(Records drawn from a dataset)
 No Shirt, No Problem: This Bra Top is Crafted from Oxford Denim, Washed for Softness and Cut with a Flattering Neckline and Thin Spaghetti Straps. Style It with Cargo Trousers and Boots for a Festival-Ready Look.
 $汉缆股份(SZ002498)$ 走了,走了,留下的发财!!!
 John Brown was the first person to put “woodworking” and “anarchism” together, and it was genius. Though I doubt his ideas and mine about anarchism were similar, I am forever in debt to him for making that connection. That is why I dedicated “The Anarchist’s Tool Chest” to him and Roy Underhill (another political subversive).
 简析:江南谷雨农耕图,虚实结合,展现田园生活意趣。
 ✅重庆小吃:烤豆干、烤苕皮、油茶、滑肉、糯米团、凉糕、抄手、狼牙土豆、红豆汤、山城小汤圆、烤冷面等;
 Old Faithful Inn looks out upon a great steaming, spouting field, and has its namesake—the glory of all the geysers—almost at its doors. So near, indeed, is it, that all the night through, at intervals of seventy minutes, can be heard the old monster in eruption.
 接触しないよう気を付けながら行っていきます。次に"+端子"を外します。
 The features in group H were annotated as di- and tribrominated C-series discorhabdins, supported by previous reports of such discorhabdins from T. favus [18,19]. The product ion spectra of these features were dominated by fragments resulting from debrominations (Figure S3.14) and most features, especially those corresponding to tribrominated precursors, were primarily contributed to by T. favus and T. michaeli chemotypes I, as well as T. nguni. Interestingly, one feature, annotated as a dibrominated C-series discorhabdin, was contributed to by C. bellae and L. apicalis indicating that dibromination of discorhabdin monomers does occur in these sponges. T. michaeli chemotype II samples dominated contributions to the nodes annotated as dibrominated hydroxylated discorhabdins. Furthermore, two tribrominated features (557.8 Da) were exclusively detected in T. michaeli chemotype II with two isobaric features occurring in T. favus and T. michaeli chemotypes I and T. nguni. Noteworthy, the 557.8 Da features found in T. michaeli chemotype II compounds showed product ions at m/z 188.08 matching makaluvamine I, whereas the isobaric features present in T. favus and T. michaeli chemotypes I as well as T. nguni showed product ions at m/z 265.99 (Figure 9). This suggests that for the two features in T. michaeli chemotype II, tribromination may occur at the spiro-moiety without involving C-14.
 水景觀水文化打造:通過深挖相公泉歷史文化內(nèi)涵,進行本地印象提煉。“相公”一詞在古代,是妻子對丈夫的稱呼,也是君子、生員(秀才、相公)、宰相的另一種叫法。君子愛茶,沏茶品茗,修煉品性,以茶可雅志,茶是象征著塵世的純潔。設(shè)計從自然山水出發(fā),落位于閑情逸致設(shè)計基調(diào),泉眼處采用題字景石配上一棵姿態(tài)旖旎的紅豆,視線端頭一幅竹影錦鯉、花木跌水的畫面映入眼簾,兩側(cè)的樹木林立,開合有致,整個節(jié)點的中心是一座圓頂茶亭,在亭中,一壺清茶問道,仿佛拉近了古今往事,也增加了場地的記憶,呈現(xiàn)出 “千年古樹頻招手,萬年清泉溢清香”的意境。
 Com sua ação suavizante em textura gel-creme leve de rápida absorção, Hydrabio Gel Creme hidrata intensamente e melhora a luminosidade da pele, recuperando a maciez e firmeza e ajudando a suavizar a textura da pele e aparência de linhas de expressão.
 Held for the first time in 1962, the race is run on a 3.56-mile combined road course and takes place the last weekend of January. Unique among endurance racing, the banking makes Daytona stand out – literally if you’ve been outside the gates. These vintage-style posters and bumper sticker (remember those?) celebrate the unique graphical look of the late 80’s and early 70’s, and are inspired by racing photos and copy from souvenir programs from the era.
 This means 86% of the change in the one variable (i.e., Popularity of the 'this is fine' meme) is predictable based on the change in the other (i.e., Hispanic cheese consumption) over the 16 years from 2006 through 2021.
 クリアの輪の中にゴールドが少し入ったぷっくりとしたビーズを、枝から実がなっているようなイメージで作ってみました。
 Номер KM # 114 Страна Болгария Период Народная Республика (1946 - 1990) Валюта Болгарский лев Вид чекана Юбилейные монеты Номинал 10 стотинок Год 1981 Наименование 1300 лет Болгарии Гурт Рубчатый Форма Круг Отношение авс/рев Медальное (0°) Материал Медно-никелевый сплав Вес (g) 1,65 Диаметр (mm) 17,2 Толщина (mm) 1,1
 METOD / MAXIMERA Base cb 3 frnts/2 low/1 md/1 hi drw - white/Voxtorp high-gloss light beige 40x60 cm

▶ [Your instructions]:
Repeat every record, keeping each word and mark exactly as it is.

▶ [Response]:
 No Shirt, No Problem: This Bra Top is Crafted from Oxford Denim, Washed for Softness and Cut with a Flattering Neckline and Thin Spaghetti Straps. Style It with Cargo Trousers and Boots for a Festival-Ready Look.
 $汉缆股份(SZ002498)$ 走了,走了,留下的发财!!!
 John Brown was the first person to put “woodworking” and “anarchism” together, and it was genius. Though I doubt his ideas and mine about anarchism were similar, I am forever in debt to him for making that connection. That is why I dedicated “The Anarchist’s Tool Chest” to him and Roy Underhill (another political subversive).
 简析:江南谷雨农耕图,虚实结合,展现田园生活意趣。
 ✅重庆小吃:烤豆干、烤苕皮、油茶、滑肉、糯米团、凉糕、抄手、狼牙土豆、红豆汤、山城小汤圆、烤冷面等;
 Old Faithful Inn looks out upon a great steaming, spouting field, and has its namesake—the glory of all the geysers—almost at its doors. So near, indeed, is it, that all the night through, at intervals of seventy minutes, can be heard the old monster in eruption.
 接触しないよう気を付けながら行っていきます。次に"+端子"を外します。
 The features in group H were annotated as di- and tribrominated C-series discorhabdins, supported by previous reports of such discorhabdins from T. favus [18,19]. The product ion spectra of these features were dominated by fragments resulting from debrominations (Figure S3.14) and most features, especially those corresponding to tribrominated precursors, were primarily contributed to by T. favus and T. michaeli chemotypes I, as well as T. nguni. Interestingly, one feature, annotated as a dibrominated C-series discorhabdin, was contributed to by C. bellae and L. apicalis indicating that dibromination of discorhabdin monomers does occur in these sponges. T. michaeli chemotype II samples dominated contributions to the nodes annotated as dibrominated hydroxylated discorhabdins. Furthermore, two tribrominated features (557.8 Da) were exclusively detected in T. michaeli chemotype II with two isobaric features occurring in T. favus and T. michaeli chemotypes I and T. nguni. Noteworthy, the 557.8 Da features found in T. michaeli chemotype II compounds showed product ions at m/z 188.08 matching makaluvamine I, whereas the isobaric features present in T. favus and T. michaeli chemotypes I as well as T. nguni showed product ions at m/z 265.99 (Figure 9). This suggests that for the two features in T. michaeli chemotype II, tribromination may occur at the spiro-moiety without involving C-14.
 水景觀水文化打造:通過深挖相公泉歷史文化內(nèi)涵,進行本地印象提煉。“相公”一詞在古代,是妻子對丈夫的稱呼,也是君子、生員(秀才、相公)、宰相的另一種叫法。君子愛茶,沏茶品茗,修煉品性,以茶可雅志,茶是象征著塵世的純潔。設(shè)計從自然山水出發(fā),落位于閑情逸致設(shè)計基調(diào),泉眼處采用題字景石配上一棵姿態(tài)旖旎的紅豆,視線端頭一幅竹影錦鯉、花木跌水的畫面映入眼簾,兩側(cè)的樹木林立,開合有致,整個節(jié)點的中心是一座圓頂茶亭,在亭中,一壺清茶問道,仿佛拉近了古今往事,也增加了場地的記憶,呈現(xiàn)出 “千年古樹頻招手,萬年清泉溢清香”的意境。
 Com sua ação suavizante em textura gel-creme leve de rápida absorção, Hydrabio Gel Creme hidrata intensamente e melhora a luminosidade da pele, recuperando a maciez e firmeza e ajudando a suavizar a textura da pele e aparência de linhas de expressão.
 Held for the first time in 1962, the race is run on a 3.56-mile combined road course and takes place the last weekend of January. Unique among endurance racing, the banking makes Daytona stand out – literally if you’ve been outside the gates. These vintage-style posters and bumper sticker (remember those?) celebrate the unique graphical look of the late 80’s and early 70’s, and are inspired by racing photos and copy from souvenir programs from the era.
 This means 86% of the change in the one variable (i.e., Popularity of the 'this is fine' meme) is predictable based on the change in the other (i.e., Hispanic cheese consumption) over the 16 years from 2006 through 2021.
 クリアの輪の中にゴールドが少し入ったぷっくりとしたビーズを、枝から実がなっているようなイメージで作ってみました。
 Номер KM # 114 Страна Болгария Период Народная Республика (1946 - 1990) Валюта Болгарский лев Вид чекана Юбилейные монеты Номинал 10 стотинок Год 1981 Наименование 1300 лет Болгарии Гурт Рубчатый Форма Круг Отношение авс/рев Медальное (0°) Материал Медно-никелевый сплав Вес (g) 1,65 Диаметр (mm) 17,2 Толщина (mm) 1,1
 METOD / MAXIMERA Base cb 3 frnts/2 low/1 md/1 hi drw - white/Voxtorp high-gloss light beige 40x60 cm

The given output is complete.